In short, you can understand ACID as guarantee of data integrity/safety in any expected circumstances. As like in generic programming, all the headaches comes from multi-threading.
The biggest issue on NoSQL is mostly ACI. D(urability) is usually a separated issue.
If your DB is single-threaded - so only one user can access at once -, that's natively ACI compliant. But I am sure virtually no server can have this luxury.
If your DB need to be multi-threaded - serve multiple users/clients simultaneously - you must need ACI-compliant transaction. Or you will get silent data corruption rather than simple data loss. Which is a lot more horrible. Simply, this is exactly same with generic multi-threaded programming. If you don't have proper mechanism such as lock, you will get undefined data. And the mechanism in DB called fully ACID compliance.

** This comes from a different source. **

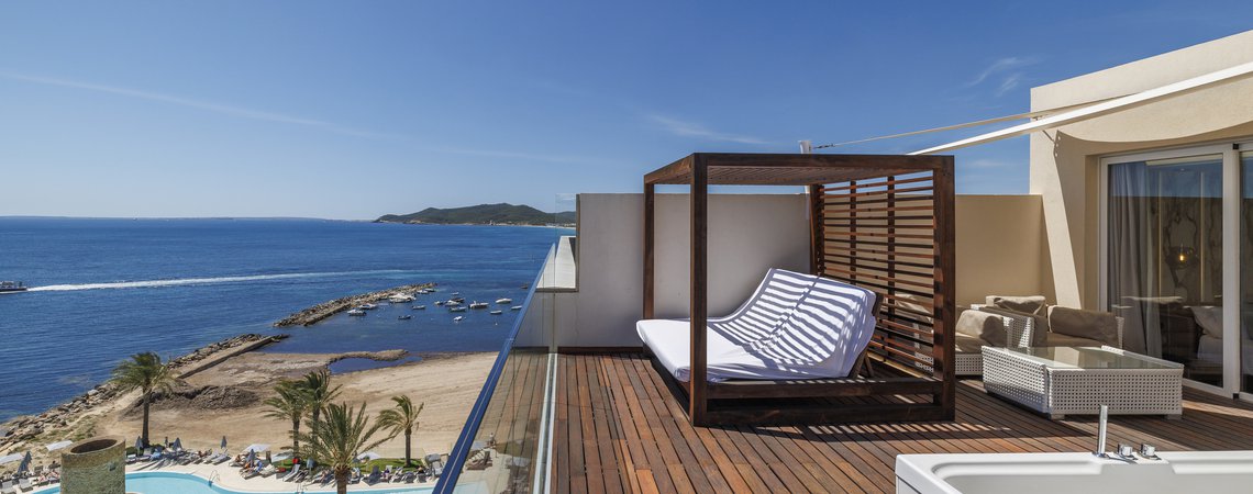 ¿Buscas un hotel de lujo en primera línea de mar y cerca del centro de Ibiza? Situado en Playa d’en Bossa, el hotel Torre del Mar brinda excepcionales vistas panorámicas al mar y a la isla de Formentera. Desconecta en un oasis de tranquilidad a solo unos minutos a pie del principal núcleo de ocio de la isla. ¡Bienvenido a las vacaciones de tus sueños!

Many YesSQL/NoSQL databases advertises themselves ACID-complient, but actually, very few of them are really does.
No ACID compliance = You will get always undefined result under multi-user (client) environment. I don't even think what kind of DB does this.
Single row/key ACID compliant = You will get guaranteed result if you modify only single value at once. But undefined result (=silent data corruption) for simultaneous multi row/key update. Most of currently popular NoSQL DBs including Cassandra, MongoDB, CouchDB, … These kind of DBs are safe only for single-row transaction. So you need to guarantee your DB logic won't touch multiple rows in a transaction.

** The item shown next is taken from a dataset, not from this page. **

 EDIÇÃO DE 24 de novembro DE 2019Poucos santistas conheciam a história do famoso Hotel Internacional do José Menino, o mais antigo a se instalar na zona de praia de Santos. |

Multi row/key ACID compliance = You will always get guaranteed result for any operation. This is minimal requirements as a RDBMS. In NoSQL field, very few of them does this. Spanner, MarkLogic, VoltDB, FoundationDB. I am not even sure there's more solutions. These kind of DBs are really fresh and new, so mostly nothing is known about their ability or limitation.
Anyway, this is a comparison except D(urability). So don't forget to check durability attribute too. It's very hard to compare durability because range becomes too wide. I don't know this topic well…
No durability. You will lost data at any time.
Safely stored on disk. When you get
COMMIT OK
, then the data is guaranteed on disk. You lost data if disk break.Also, there're difference even on ACID compliant DBs.
Sometimes ACID compliant / you need configuration / no automatic something.. / some components are not ACID-complient / very fast but you need to turn off something for this... / ACID-compliant if you use specific module... = we will not bundle data safety by default. That's an add-on, option or separated sold. Don't forget to download, assemble, setup and issuing proper command. Anyway, data safety may be ignored silently. Do it yourself. Check it yourself. Good luck not to make any mistake. Everyone in your team must be flawless DBA to use this kind of DB safely. MySQL.
Always ACID compliant = We don't trade data safety with performance or anything. Data safety is a forced bundle with this DB package. Most commercial RDBMS, PostgreSQL.
Above is typical DB's implementation. But still, any other hardware failure may corrupt the database. Such as memory error, data channel error, or any other possible errors. So you need extra redundancy, and real production-quality DB must offer fault tolerance features.
No redundancy. You lose all data if your data corrupted.
Backup. You make snapshot copy/restore. You lose data after last backup.
Online backup. You can do snapshot backup while the database is running.
Asynchronous replication. Backup for each second (or specified period). If machine down, this DB guaranteed to get the data back by just rebooting. You lose data after last second.
Synchronous replication. Backup immediately for each data update. You always have exact copy of original data. Use the copy if origin breaks.
Until now, I see many DB implementation lacks many of these. And I think if they lacks proper ACID and redundancy support, users will lose data eventually.